Philip Hammond played down suggestions that the Conservatives would increase the defence budget after 2015. This morning the BBC has been reporting that David Cameron “will stick to a commitment to increase defence spending above the rate of inflation after 2015”. But the defence secretary said this only applied to equipment spending. “I think what the prime minister was referring to was the pledge that was made – which Treasury ministers have repeated – that the equipment plan, the part of the defence budget which funds equipment, will rise by 1% a year in real terms after 2015,” he said.

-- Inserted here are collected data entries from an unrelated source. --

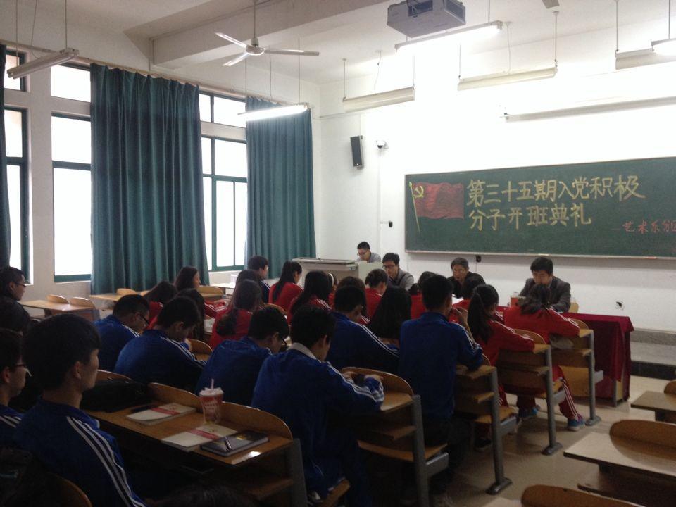 2014年4月20日上午8点,黄河水利职业技术学院艺术系第35期入党积极分子开班典礼在教室5309隆重召开。出席此次活动的有:艺术系党总支书记吕来、分团委书记赵巍、大二辅导员倪磊及第35期全体入党的积极分子。
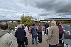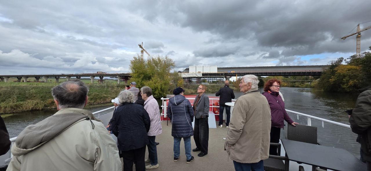 Ein Höhepunkt der Fahrt war die Strecke entlang der Brachwitzer Alpen bis zur Großbaustelle der Autobahn A143. Besonders beeindruckend war die Durchfahrt unter der entstehenden Saalebrücke – einem Mammutprojekt für die Verkehrsinfrastruktur der Region. Aus unmittelbarer Nähe bekamen die Teilnehmenden seltene Einblicke in das Bauvorhaben, das große Aufmerksamkeit und viele Gesprächsanlässe bot.
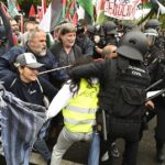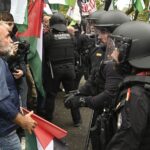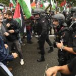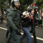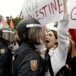 La presencia de cientos y cientos de personas en el Alto de San Cosme obligó a la organización de La Vuelta a suspender el final previsto en el Castro de Herville, en Mos. La decisión de la prueba que dirige Javier Guillén era adelantar la meta 8 kilómetros, dejando un cierre de etapa confuso para los corredores que se encontraban en ese momento luchando por llegar primero a línea de meta. El triunfador fue el colombiano Egan Bernal, pero en San Cosme la consigna era otra: "Hoy ha ganado Palestina", señalaban algunas de las personas que habían participado en la concentración, una acción reivindicativa en la que hubo momentos de mucha tensión con el amplio dispositivo de seguridad que conformaba la Guardia Civil y la Policía Nacional.

Kenneth Clarke told the Today programme that he did not think Cameron could support leaving the EU. He also said that he expected Britain to opt back in to around 30 EU justice measures having exercised its right to opt out of more than 100 of them.

Ed Miliband said that he was opposed to plans to close the A&E department at Lewisham hospital. “I hope they’ll save the A&E in Lewisham because I think it’s very important for people there and I think we’ve seen a huge groundswell of people in Lewisham who are really concerned about what’s happening there,” he said.

I’ll take a look at the interviews in more detail shortly.

Here’s the agenda for the day.

9am: Nick Clegg takes part in his regular LBC phone-in.

9.45am: Accountancy firms give evidence to the Commons public accounts committee on tax avoidance.

10am: Chris Moncrieff, the former Press Association political editor, and Steve Richards, the Independent columnist, give evidence to the Commons public accounts committee on reshuffles.

10.45am: Iain Duncan Smith, the work and pensions secretary, gives a speech on poverty. As Juliette Jowit reports, he will say that drug and alcohol addiction, family breakdown, going to a failing school and living in a home with no working adult could all be included in a future measure of child poverty.

Around 12pm: Jeremy Hunt, the health secretary, makes an announcement about the future of the A&E department at Lewisham hospital.

As usual, I'll also be covering all the breaking political news as well as looking at the papers and bringing you the best politics from the web. I'll post a lunchtime summary at around 1pm and another in the afternoon.